25 Days until Christmas
Flagstaff Weather:
TODAY’S QUOTE—
All the really valuable things you own are things you can't photograph.
FREE RAMBLING THOUGHTS
The past few days have been very cold. This is fairly unusual for this early in the winter season. I only hope that we won’t look back on the last week of November as being warm. We are usually in the low 20’s for an average low temperature in November. I won’t be surprised it this year it is in the high teens. I know other places have been hit harder, but we just aren’t used to this many days of really cold nights.
I had lunch with Mary and Cheryl. We all had a great Thanksgiving. Cheryl had her son, daughter-in-law, and grandkids and Mary went to Phoenix where her Chicago daughter, son-in-law and grandson joined her son and his family. Mary was happy to get back to Flag as the Phoenix twins (aged 4) and the Chicago boy (2) had more than their fair share of territory issues. Cheryl is doing very well and had soup with us. She discovered another benefit; lunch is now much less expensive.
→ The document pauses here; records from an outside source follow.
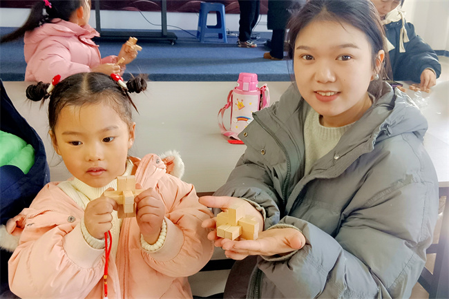 为传承中华优秀传统文化,弘扬精益求精的工匠精神,丰富青少年假期精神文化生活,1月1日,西岗镇新时代文明实践所联合九龙湾景区在九号院举办“探寻榫卯智慧,巧手解锁匠心”鲁班锁亲子拼装活动,带领孩子们在动手动脑中感受非遗魅力,体验传统技艺之精妙。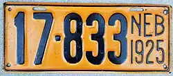 1925 | Black on orange; "NEB 1925" at right | none | 1-12345 10-1234 |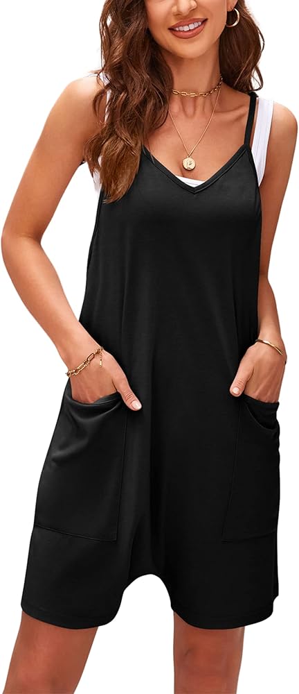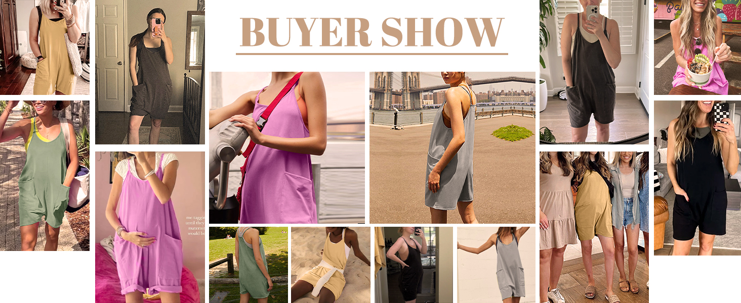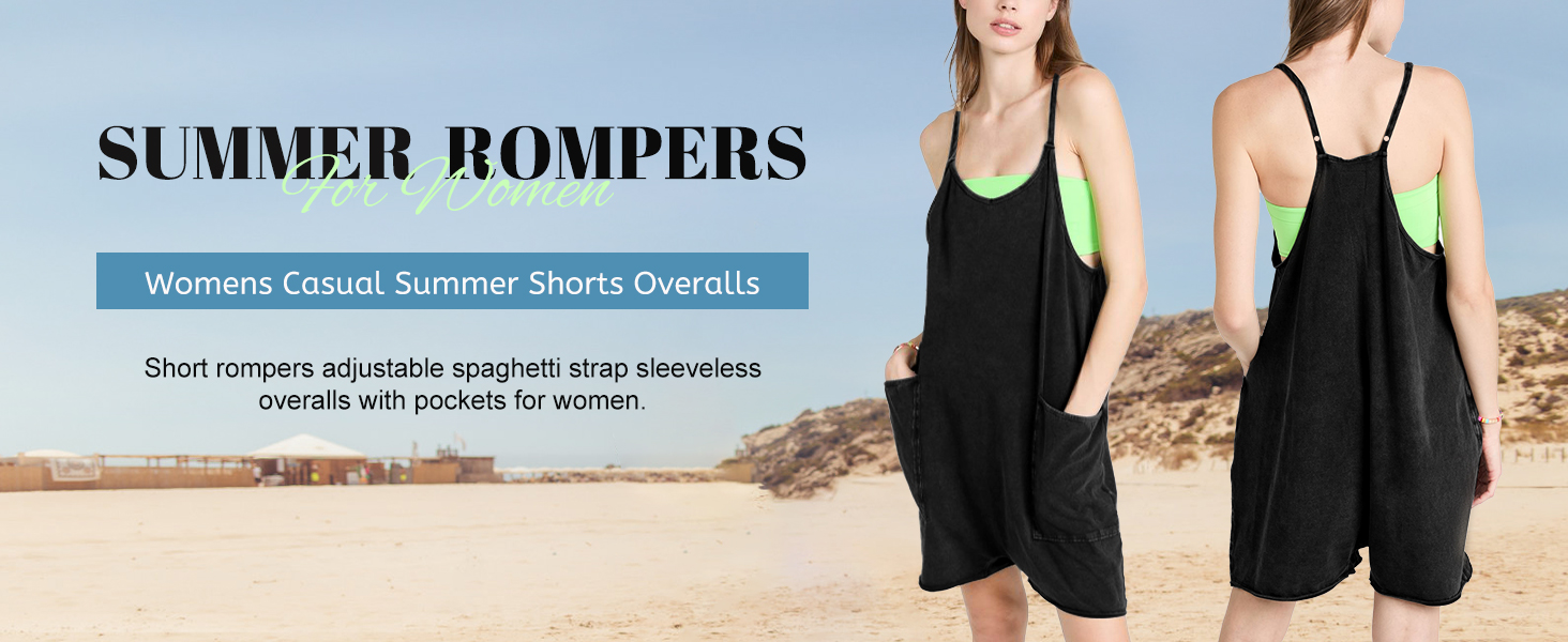 جمبسوت قصير من قطعة واحدة يتميز برقبة على شكل حرف V وأشرطة قابلة للتعديل وجيوب كبيرة ومواد قابلة للتمدد ونمط فضفاض، مناسب للعمل والشارع والشاطئ والحفلات والمدرسة والرحلات والأمومة والارتداء اليومي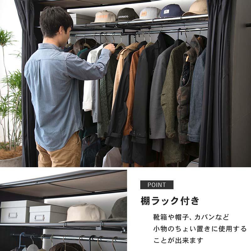 ・カーテン付きで目隠し出来るから季節物の服や雑貨、ゴルフバッグや衣装ケースなど服だけでなく普段使わないものをまとめて収納可能
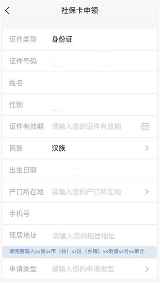 提示:客户须在“现居住地”一栏填写详细的社保卡邮寄接收地址。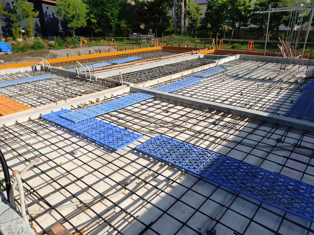 土間スラブ打設前配筋検査。

We had some great conversation, a few laughs, and a good time.
Obama seems ready to piss off just about everybody with his latest announcement. He has frozen Federal salaries for two years. Except for the military. We retirees had already been warned not to expect much more than coal this year in our Christmas stocking. Now it is official. President Ronnie did the same thing when I was working. I am not against doing my fair share—either as a retiree or as a Federal worker. Of course, this freeze doesn’t freeze our health care costs for two years. So in actuality we had our salary reduced. This won’t make many headlines. It certainly won’t bring the brightest and the best to Federal service. It may let some know that our economy is still in the ditch. Federal employees, in general, make much less than their counterparts in the private sector. Now, for two years, even less than less. Whatever this announcement does in politics, it means that if will be even harder to recruit the best and brightest. I fully admit that when I joined the Federal Service I was happy to have a job. My career was successful by any measurement. I probably could have made more money if I had become a principal or a superintendent. However, I wouldn’t have been as happy. The caveat to this announcement is that the non-civilian military personnel will continue to get pay raises. There is quite a cadre of civilian military personnel throughout the world. They won’t get raises, but the soldiers will continue to get raises. Why they were singled out is beyond me. It is a voluntary military. The sell lines for joining the military include good education for easy movement to the private sector, being one of the ‘few’, helping the world citizens live in democracy, helping citizens in third world countries. I agree that no one working full time for the Federal government should have to get food stamps to survive. I know families that are separated for months and months during deployment. I know the grief of families when their son or daughter die fighting. I know quite a few who have joined the military and come back with the discipline and mind set to be successful. I just wonder why a president who campaigned to get us out of two wars hasn’t done it. I wonder why that president now believes that only our military personnel deserve to be paid more. If everyone has to continue to tighten their belts, then everyone has to do that.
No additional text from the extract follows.